## Source information
#####

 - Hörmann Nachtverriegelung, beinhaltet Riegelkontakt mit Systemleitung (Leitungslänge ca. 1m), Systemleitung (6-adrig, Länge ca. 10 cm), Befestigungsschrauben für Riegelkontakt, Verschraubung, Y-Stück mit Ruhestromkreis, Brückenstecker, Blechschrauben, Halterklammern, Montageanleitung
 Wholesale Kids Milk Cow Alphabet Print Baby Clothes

#####

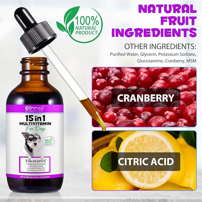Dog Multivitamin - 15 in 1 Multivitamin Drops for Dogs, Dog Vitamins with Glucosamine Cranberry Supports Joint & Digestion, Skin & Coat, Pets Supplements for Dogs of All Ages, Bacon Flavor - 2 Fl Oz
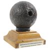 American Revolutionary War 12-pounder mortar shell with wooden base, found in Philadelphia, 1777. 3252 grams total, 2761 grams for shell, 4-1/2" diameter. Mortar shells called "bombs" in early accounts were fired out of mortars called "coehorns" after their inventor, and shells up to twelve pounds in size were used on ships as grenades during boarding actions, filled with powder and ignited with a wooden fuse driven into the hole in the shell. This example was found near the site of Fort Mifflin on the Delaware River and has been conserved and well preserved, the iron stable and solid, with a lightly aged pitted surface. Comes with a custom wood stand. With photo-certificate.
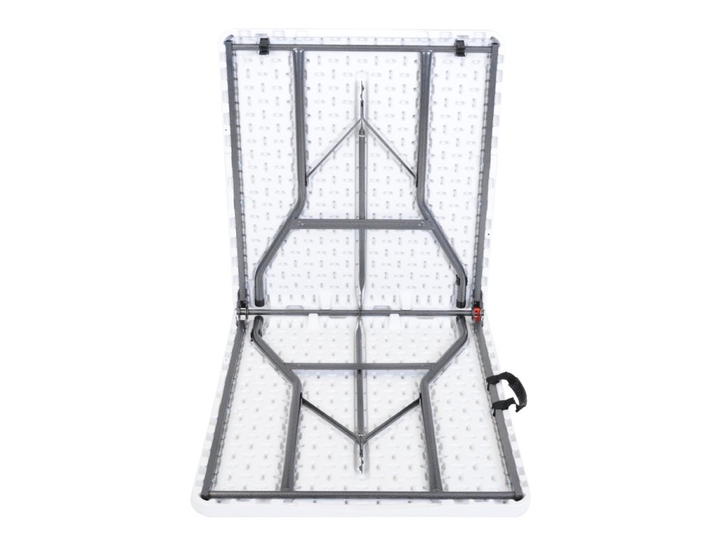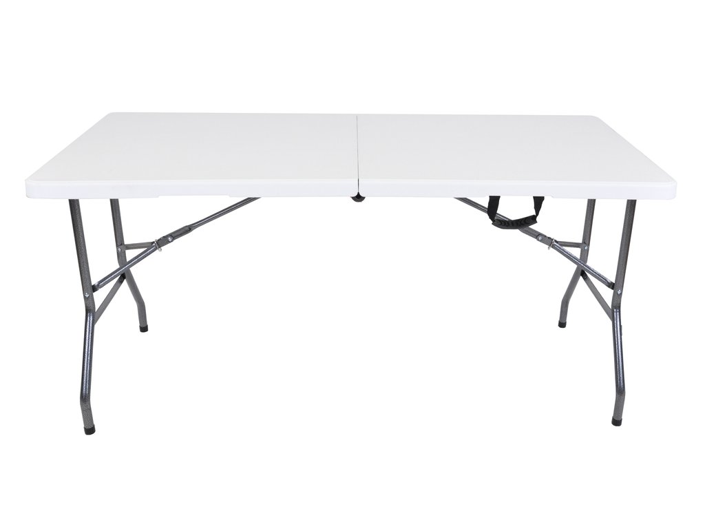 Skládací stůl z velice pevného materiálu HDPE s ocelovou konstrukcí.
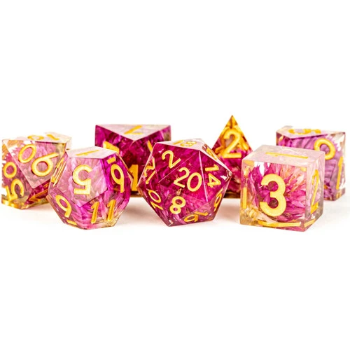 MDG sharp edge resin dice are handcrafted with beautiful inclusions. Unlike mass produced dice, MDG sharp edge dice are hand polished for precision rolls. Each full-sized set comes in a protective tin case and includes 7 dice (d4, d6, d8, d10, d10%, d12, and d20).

#####

## What this task involves
Look back at the entries above and repeat, unchanged, every line from the line holding "- Hörmann Nachtverriegelung, beinhaltet" through the line holding "Wholesale Kids Milk".

## Your response
 - Hörmann Nachtverriegelung, beinhaltet Riegelkontakt mit Systemleitung (Leitungslänge ca. 1m), Systemleitung (6-adrig, Länge ca. 10 cm), Befestigungsschrauben für Riegelkontakt, Verschraubung, Y-Stück mit Ruhestromkreis, Brückenstecker, Blechschrauben, Halterklammern, Montageanleitung
 Wholesale Kids Milk Cow Alphabet Print Baby Clothes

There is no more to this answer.